Part of the demotion from “us” to “them” is a loss of one’s designation as a person. One is suddenly no longer a person with a diagnosis, but “a schizophrenic” or “a bipolar… “a mental patient” or “a CMI” or “SPMI.”
Medical illnesses are not associated with the negative assumptions and prejudices that are inferred from a psychiatric label. A “diabetic” is not assumed to be violent, unpredictable, or incompetent.
Associate the term “patient” with discrimination, coercion, and oppression.
Psychiatric personnel have continued to justify the use of the term “patient” because they see it as simply technical.
Mentalist power dynamic: professionals are generally accustomed to being in charge and, as a professional once said, they’re “not about to be dictated to by a bunch of patients.”
The power-up group is comfortable with the existing terminology and that comfort takes precedence over the feelings, wellbeing, and dignity of those who are power-down.
If a diagnosis helps a person to understand her/his experiences and gain control over her/his life, it is a useful tool. If it stigmatizes, communicates contempt, and excludes the person from services, it is a weapon.
If I describe someone as “a borderline with intense dependency,” “a non-compliant schizophrenic,” “an oppositional patient,” “a typical drug-seeking antisocial personality disorder,” “a manipulative, gamey manic,” am I seeking to understand, respect, and help, or merely pass judgment, feel superior, and assert my professional dominance?
I hate that word “treatment.” It’s been twisted by the system and perverted beyond recognition. If they lock you up against your will, strip you literally and figuratively (of your rights) and force you into bondage and solitary confinement and then inject you with powerful and painful drugs, they call it “treatment.” In every other possible realm on earth, this is torture and not “treatment.” If they set a fifteen minute appointment for you to renew your drugs every two weeks or month, they call that “treatment” and they can bill your insurance for payment. I consider it fraud.” -P.R.

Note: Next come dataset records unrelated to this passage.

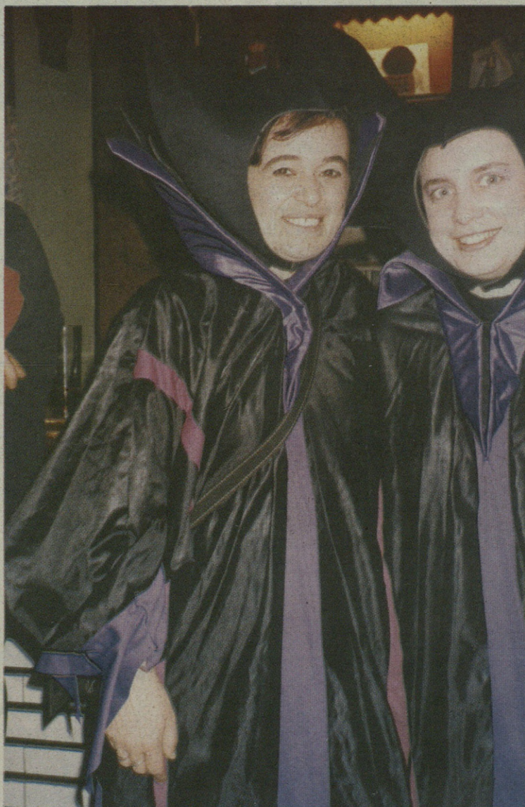
Umeek etxera erretiratu ondoren, banpiroek hartu zituzten kaleak.

Martitzenean, tamaina txikiko txinatarrak, indiarrak, suziriak... eta beste izan ziren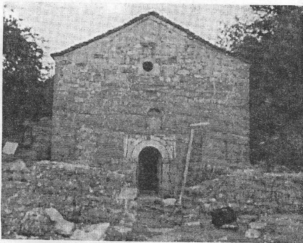
Το Καθολικό της Μονής του Ταξιάρχη και ο τάφος του Εθνομάρτυρα Ιερέα Μιχαήλ από την Καμαρίνα, όπως είναι σήμερα

Εμείς οι σημερινοί και αυριανοί Πρεβεζάνοι, απόγονοι εκείνων που με άπειρες θυσίες και απaráμιλλη ανδρεία αγωνίσθηκαν για να μας παραδόσουν Θρησκεία και Πατρίδα Ελεύθερη, ας είμαστε ευγνώμονες και υπερήφανοι συνάμα για τους αγώνες και τις θυσίες των Κληρικών και Λαϊκών και ας προσπαθήσουμε και εμείς να φανούμε αντάξιοι εκείνων όταν η Ορθόδοξη Εκκλησία μας και η Πατρίδα μας ζητήσουν τη συνδρομή μας!..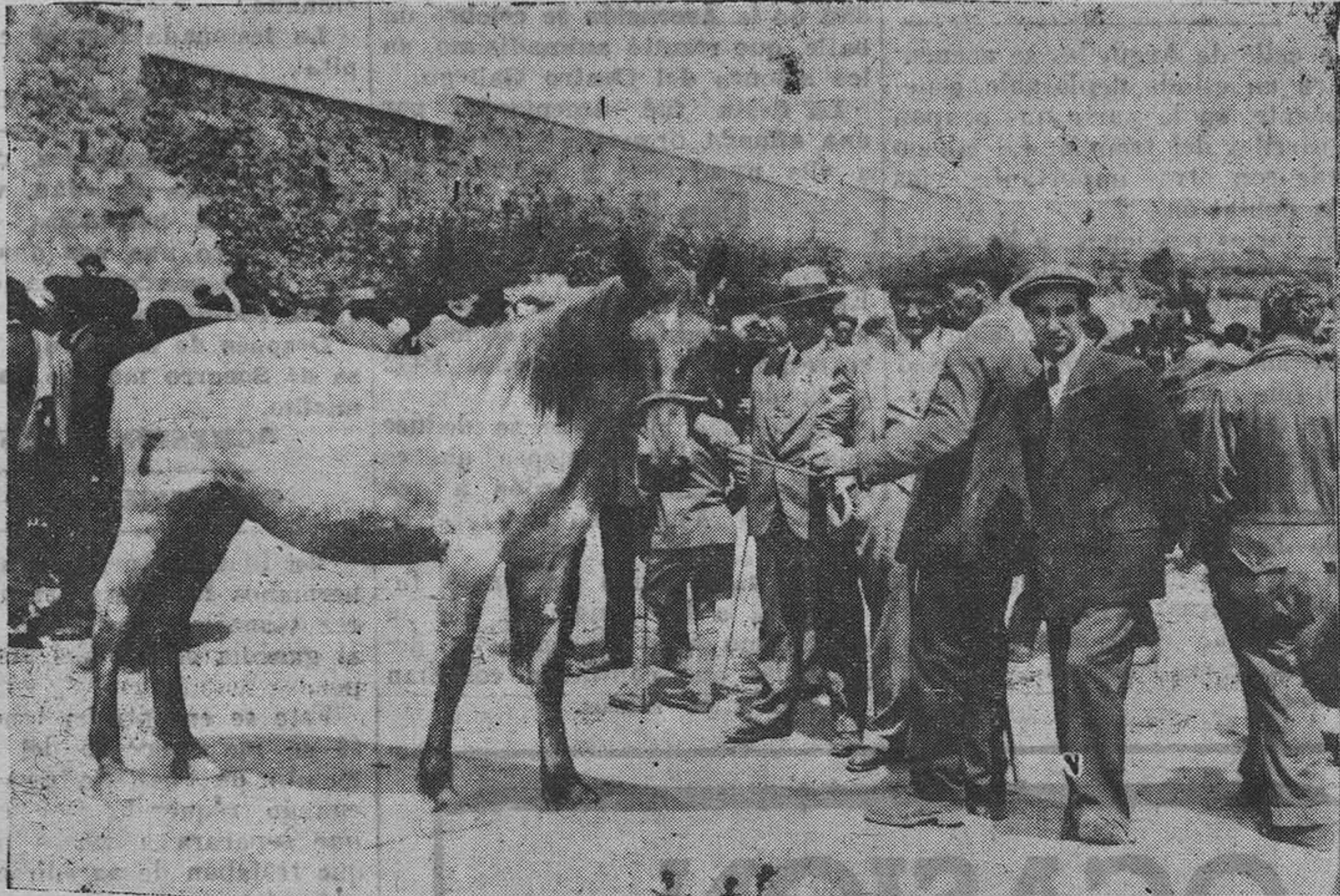
La feria de la Ascensión.— En pleno trato para vender un bonito ejemplar de caballo de los muchos que acudieron al real de la feria.

Para resumir esto de la feria, allá van unos datos estadísticos: el número total de cabezas de ganado que hubo ayer en el feria!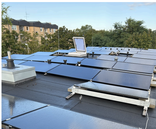
PV-Anlage auf dem Dach des Vereinsheims des Rot-Weiß Lessenich e. V.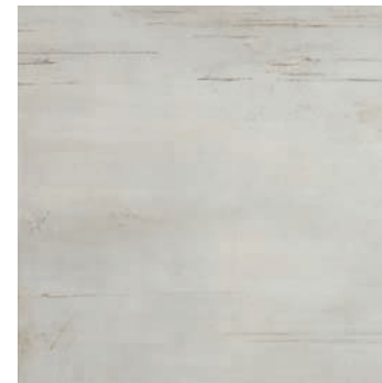
CXE710 KRONOS 60x60 GRIS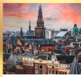
อัมสเตอร์ดัม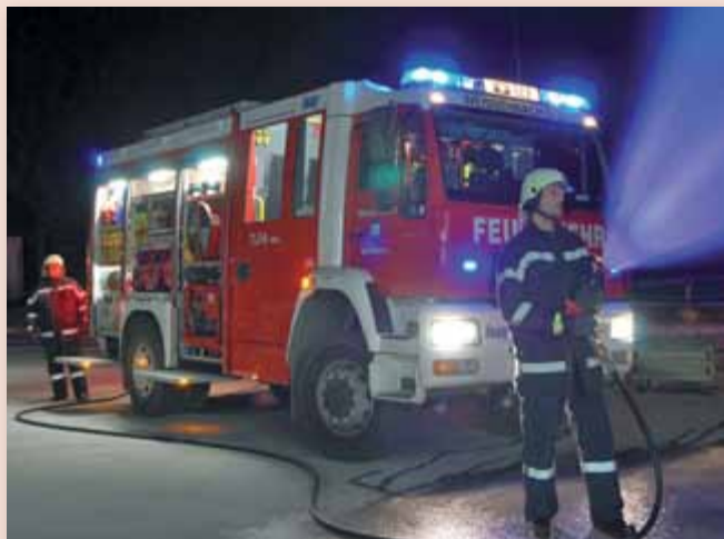
Im Not- und Extremfall für andere da zu sein und zu helfen ist für Feuerwehrmänner und -frauen eine Selbstverständlichkeit.

Zum Schnuppertag der Freiwilligen Feuerwehr Weißenbach am 14. April von 14.00 bis 17.00 Uhr sind alle interessierten Bürgerinnen und Bürger sowie alle Schülerinnen und Schüler herzlich eingeladen!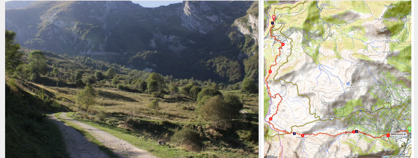
Le cirque du Litor (c) Julien Liron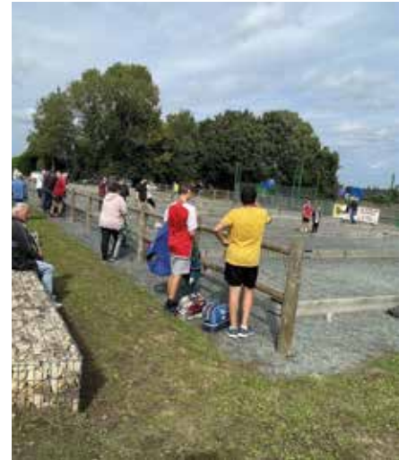
Concours de boules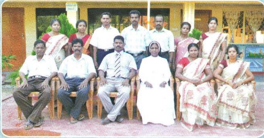
பாடசாலை அபிவிருத்திச் சங்க உறுப்பினர்கள்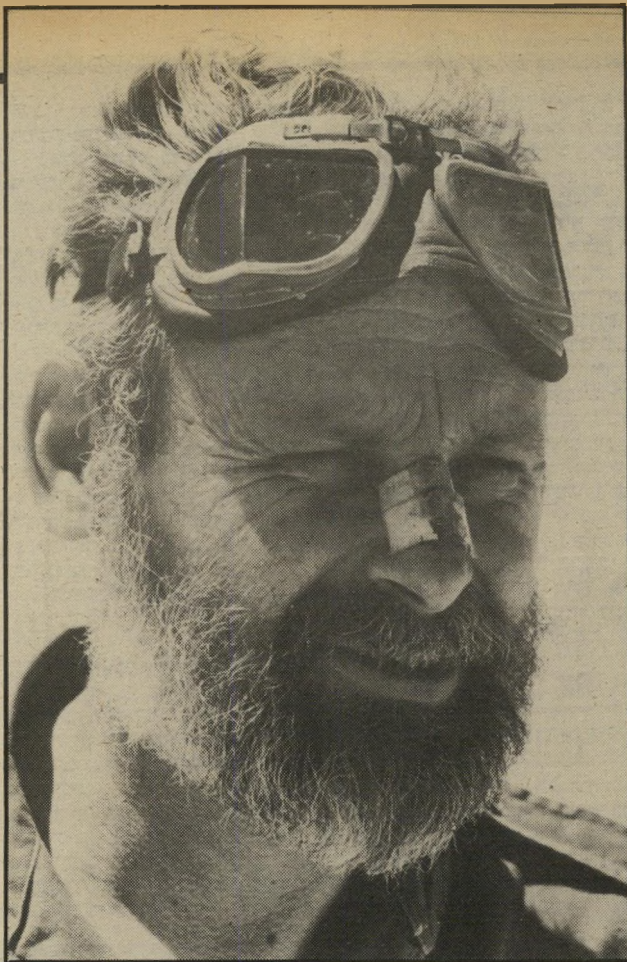
ימינן דווידי דם ואדמה

אפילו לא לקחנו איתנו נשק, כדי שלא נסתבך בקרב מיותר..." בטיול הראשון, מעל לכפר הלבנוני שובא, בנקודת-מישור לבנונית, נפתחה עליהם אש. הם הצליחו לחמוק ולהגיע לאיזור מעין-דבורך. בשתי הפעמים הבאות עבר הטיול לחרמון בלא תקלות. את סיפורו הראשון פירסם איתן איתן בקשת, שבעריכת אהרון אמיר. הסיפור מתאר את הטיול לחרמון, תוך תקופת שירותו הצבאי נשא אשה והתחיל להקים את משקו

“To be a mental patient is to participate in stupid groups that call themselves therapy — music isn’t music, it’s therapy; volleyball isn’t a sport, it’s therapy; sewing is therapy; washing dishes is therapy. Even the air that we breathe is therapy — called milieu. ” -Rae Unzicker
“Normal behaviors are NOT symptoms. Normal people can have a bad day, an “off” week and even a “down” month. However, if we exhibit those normal behaviors on the job, we get labeled and we are asked if we took our medications or if someone needs to call our shrink.” -P.R.
“There is no such thing as a ‘side-effect.’ There are only ‘effects’ from taking drugs. Some effects are desired and others are undesirable. Calling something a “side-effect” obscures and minimizes the resultant pain, suffering and misery that can be caused by psychoactive drugs and in doing so, it discounts our experiences and perceptions and thus sets us up as less than we are. It denies our reality. “Hey doctor, my eyes fell out and I’ve got big purple splotches all over.” “That’s okay, it’s just a side-effect.” -P.R.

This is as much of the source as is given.